_What you are asked to do_.
Set down exactly the lines below between the line holding "今日の6年生の外国語科(英語" and the line holding "山口県では紅葉の名所の渓谷な", inclusive; no other line belongs in the answer.

_Material for this task_.
★ ★ ★ ★

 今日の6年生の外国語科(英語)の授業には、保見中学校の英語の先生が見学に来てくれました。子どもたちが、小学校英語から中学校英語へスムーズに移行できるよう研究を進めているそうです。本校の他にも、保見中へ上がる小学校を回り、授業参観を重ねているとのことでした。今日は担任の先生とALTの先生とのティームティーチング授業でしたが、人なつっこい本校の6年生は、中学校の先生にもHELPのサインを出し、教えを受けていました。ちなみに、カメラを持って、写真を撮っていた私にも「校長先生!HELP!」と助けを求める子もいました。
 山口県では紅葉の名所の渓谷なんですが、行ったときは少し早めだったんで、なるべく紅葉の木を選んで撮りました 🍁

★ ★ ★ ★

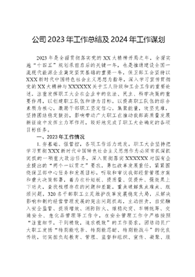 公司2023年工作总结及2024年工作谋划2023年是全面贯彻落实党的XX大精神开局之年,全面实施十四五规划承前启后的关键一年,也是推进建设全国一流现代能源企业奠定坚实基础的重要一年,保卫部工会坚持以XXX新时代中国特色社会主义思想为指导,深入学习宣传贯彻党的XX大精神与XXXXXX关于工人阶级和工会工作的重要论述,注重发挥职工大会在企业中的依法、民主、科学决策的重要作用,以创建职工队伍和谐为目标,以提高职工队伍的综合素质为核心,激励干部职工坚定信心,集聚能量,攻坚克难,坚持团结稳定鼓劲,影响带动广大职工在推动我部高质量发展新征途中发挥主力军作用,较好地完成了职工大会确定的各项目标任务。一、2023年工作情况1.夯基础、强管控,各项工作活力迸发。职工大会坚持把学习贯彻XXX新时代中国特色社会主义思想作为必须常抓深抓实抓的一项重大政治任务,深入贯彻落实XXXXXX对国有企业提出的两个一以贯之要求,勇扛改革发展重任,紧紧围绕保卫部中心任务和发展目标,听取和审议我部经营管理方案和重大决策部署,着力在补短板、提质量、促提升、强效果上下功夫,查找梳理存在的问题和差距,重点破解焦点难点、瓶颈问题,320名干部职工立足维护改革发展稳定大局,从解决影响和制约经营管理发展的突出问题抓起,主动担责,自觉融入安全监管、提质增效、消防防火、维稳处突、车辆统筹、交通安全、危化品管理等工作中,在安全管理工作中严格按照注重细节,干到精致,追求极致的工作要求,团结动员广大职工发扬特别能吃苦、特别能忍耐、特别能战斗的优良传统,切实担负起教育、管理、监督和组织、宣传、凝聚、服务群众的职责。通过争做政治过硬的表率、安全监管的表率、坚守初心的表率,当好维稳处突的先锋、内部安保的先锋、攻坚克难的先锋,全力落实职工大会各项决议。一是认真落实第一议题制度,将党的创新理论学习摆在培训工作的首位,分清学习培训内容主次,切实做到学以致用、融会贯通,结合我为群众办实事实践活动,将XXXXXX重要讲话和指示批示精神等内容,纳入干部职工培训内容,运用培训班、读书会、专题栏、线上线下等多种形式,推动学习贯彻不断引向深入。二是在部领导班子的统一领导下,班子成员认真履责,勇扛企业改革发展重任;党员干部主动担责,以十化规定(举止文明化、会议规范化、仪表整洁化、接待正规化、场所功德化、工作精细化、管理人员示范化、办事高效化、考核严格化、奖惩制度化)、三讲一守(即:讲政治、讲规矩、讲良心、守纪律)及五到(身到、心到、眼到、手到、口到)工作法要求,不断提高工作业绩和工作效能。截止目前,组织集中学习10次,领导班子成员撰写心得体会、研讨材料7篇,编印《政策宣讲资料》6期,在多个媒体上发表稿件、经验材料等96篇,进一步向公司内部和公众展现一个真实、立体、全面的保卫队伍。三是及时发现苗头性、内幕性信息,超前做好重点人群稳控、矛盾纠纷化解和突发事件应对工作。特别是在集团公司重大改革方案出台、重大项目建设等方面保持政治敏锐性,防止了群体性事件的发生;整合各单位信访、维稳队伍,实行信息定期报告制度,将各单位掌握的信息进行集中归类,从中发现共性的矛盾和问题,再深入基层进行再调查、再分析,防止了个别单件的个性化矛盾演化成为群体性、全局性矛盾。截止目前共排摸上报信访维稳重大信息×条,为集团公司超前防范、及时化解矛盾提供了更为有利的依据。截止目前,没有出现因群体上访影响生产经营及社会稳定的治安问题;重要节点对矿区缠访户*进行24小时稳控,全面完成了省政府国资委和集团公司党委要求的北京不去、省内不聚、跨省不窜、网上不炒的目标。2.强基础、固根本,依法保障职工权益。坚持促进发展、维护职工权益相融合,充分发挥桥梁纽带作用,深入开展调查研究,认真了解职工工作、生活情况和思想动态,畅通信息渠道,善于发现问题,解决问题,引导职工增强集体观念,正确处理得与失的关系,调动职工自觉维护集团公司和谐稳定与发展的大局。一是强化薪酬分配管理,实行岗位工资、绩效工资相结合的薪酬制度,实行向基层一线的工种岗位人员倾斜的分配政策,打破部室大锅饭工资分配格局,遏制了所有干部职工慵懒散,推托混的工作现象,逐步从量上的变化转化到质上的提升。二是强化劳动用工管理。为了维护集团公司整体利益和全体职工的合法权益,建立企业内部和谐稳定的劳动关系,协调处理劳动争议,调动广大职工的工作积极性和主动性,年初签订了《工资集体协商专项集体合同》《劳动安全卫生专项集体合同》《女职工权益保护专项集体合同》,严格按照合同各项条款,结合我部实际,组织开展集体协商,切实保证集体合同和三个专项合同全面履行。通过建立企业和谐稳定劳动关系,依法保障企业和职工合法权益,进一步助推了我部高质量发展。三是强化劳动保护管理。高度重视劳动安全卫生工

★ ★ ★ ★

_Solution for this problem_.
 今日の6年生の外国語科(英語)の授業には、保見中学校の英語の先生が見学に来てくれました。子どもたちが、小学校英語から中学校英語へスムーズに移行できるよう研究を進めているそうです。本校の他にも、保見中へ上がる小学校を回り、授業参観を重ねているとのことでした。今日は担任の先生とALTの先生とのティームティーチング授業でしたが、人なつっこい本校の6年生は、中学校の先生にもHELPのサインを出し、教えを受けていました。ちなみに、カメラを持って、写真を撮っていた私にも「校長先生!HELP!」と助けを求める子もいました。
 山口県では紅葉の名所の渓谷なんですが、行ったときは少し早めだったんで、なるべく紅葉の木を選んで撮りました 🍁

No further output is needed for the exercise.